Sir, I see from your issue of the 14th inst. at the recent debate on Union in Stornoway, that Mr MacDonald challenged Mr Cameron to show him where the Bible said, i.e. teaches, that there must be a connection between Church and State. I understand from this that Mr MacDonald questions the scripturalness and legality of Civil Establishments of religion at any time or in any circumstances. My only object in troubling you is to point out that this challenge is as much to Mr MacDonald himself as to Mr Cameron, for he signed the Confession, and he holds it, he says, entire.

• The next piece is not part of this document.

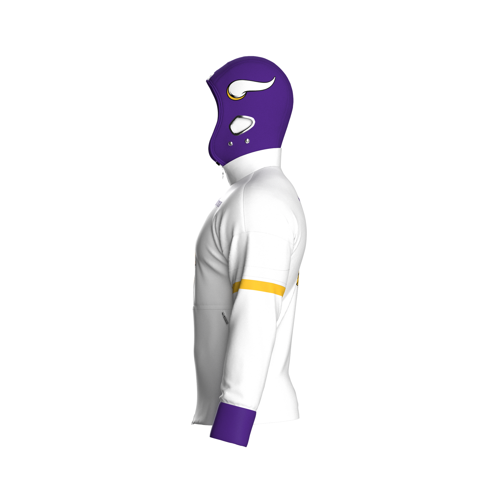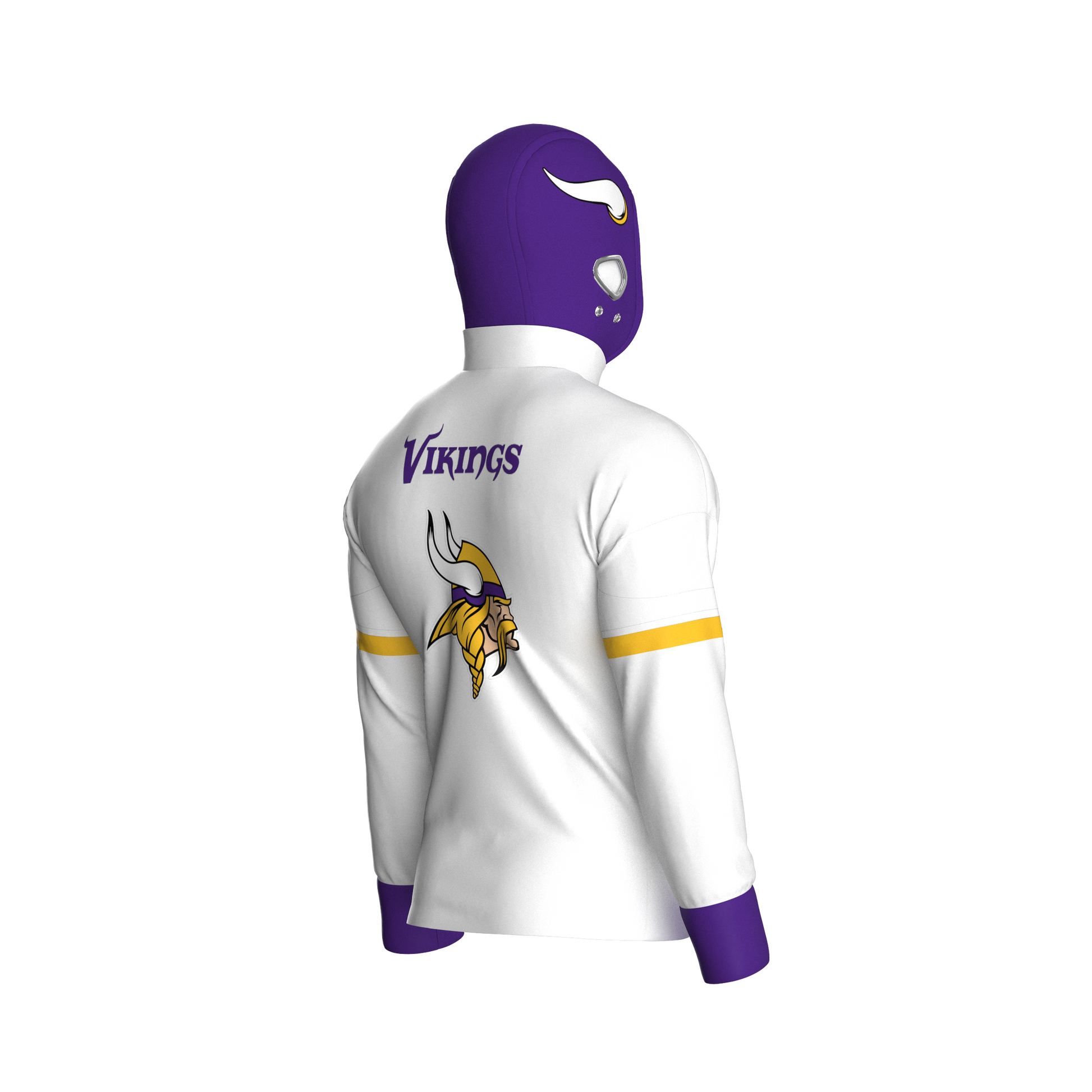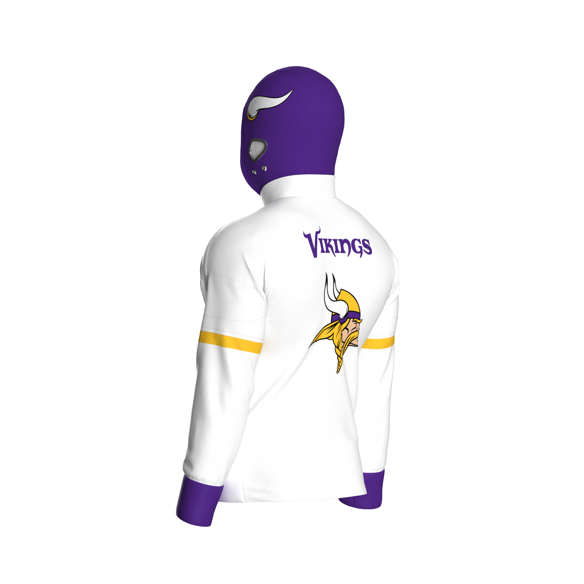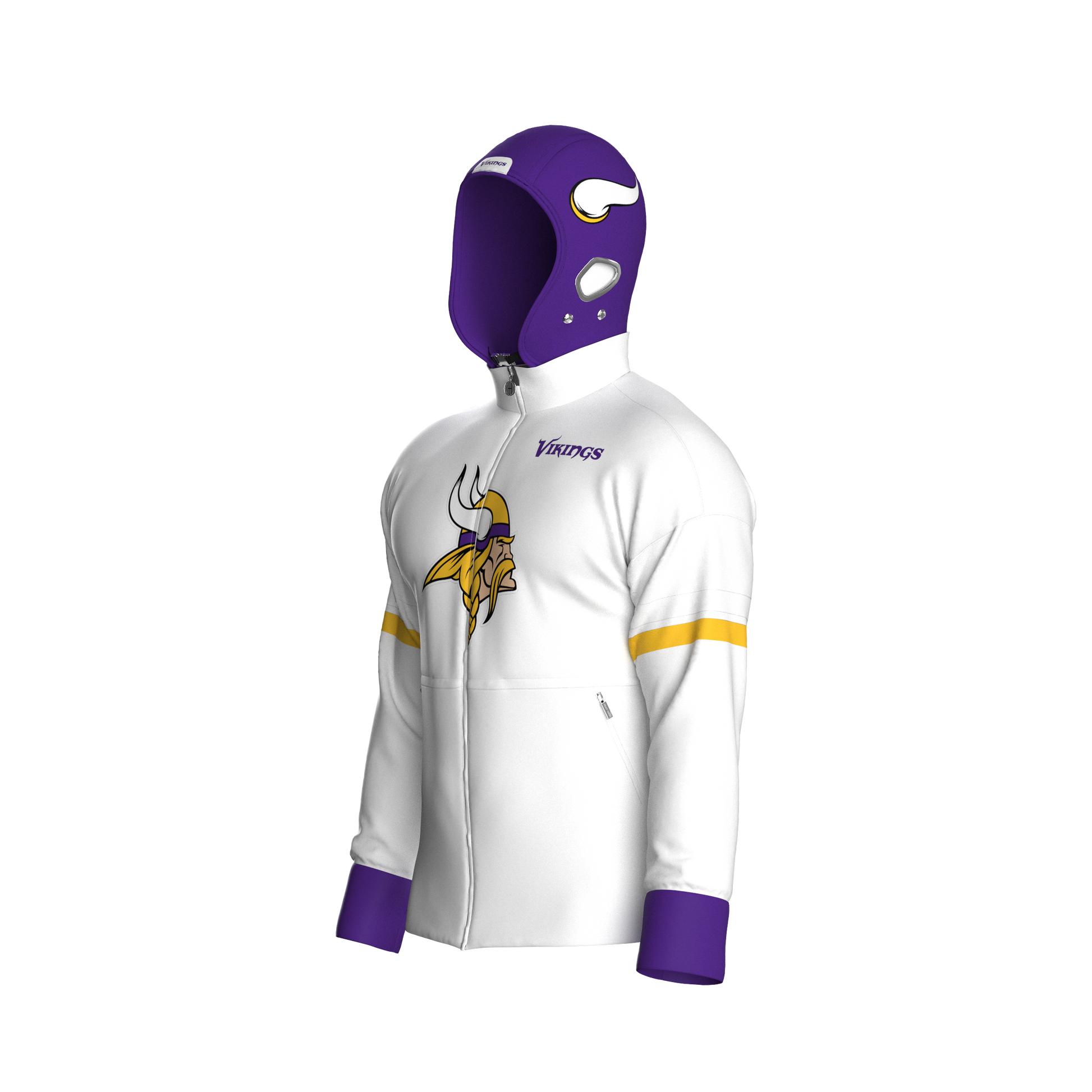 Get ready for action and look like a pro with this Minnesota Vikings Full Zip-Up Body. Mix and match hoodies for warmth, along with striking team graphics on the front, back and sleeve will have you outfitted like a MVP!

The following are some of the statements of the Confession, which Mr MacDonald, on his knees, swore that he believed: "The Civil Magistrate ought to maintain piety, justice and peace, according to the wholesome laws of each commonwealth." "It is his duty to take order that unity and peace be preserved in the Church, that the truth of God be kept pure and entire, that all blasphemies and heresies be suppressed, all corruptions and abuses in worship and discipline prevented or reformed, and all the ordinances of God duly settled, administered, and observed." These statements have been repeatedly stated by Mr MacDonald to be scriptural. I need not quote the scripture proofs for them. I leave your readers to judge whether these statements teach that there ought to be a connection between the Church and State. The question between us and the Unionists is what the Confession teaches regarding this question, and not simply what the Bible teaches, for they have signed the Confession, and declared their belief in the 'whole' of it, as well as we. Mr MacDonald, therefore, has to face his challenge to Mr Cameron himself, for if he has ascertained there is no proof in the Bible for the Establishment principle, his quarrel is with the Confession, which he repeatedly signed, and not with Mr Cameron.

I am, Sir, yours etc.,

W. MacKinnon,
Free Church Manse,
Gairloch.
January 1899.

So far as we know Mr MacDonald did not reply to Mr MacKinnon.

We can see that Mr MacDonald's main thrust in his Amendment was that "the basis of Union now considered conserves Free Church principles".

Mr J. S. MacDonald and the Clerk were appointed to answer Mr Cameron's Reasons of Dissent.

On 21st February 1899 they gave their reasons as: "1. The proposed Union with the United Presbyterian Church conserves Free Church principles.

"2. That it was not ultra vires for the Presbytery, which is but an inferior Court, and which has given its judgment in this matter at the request of the Supreme Court of the Church.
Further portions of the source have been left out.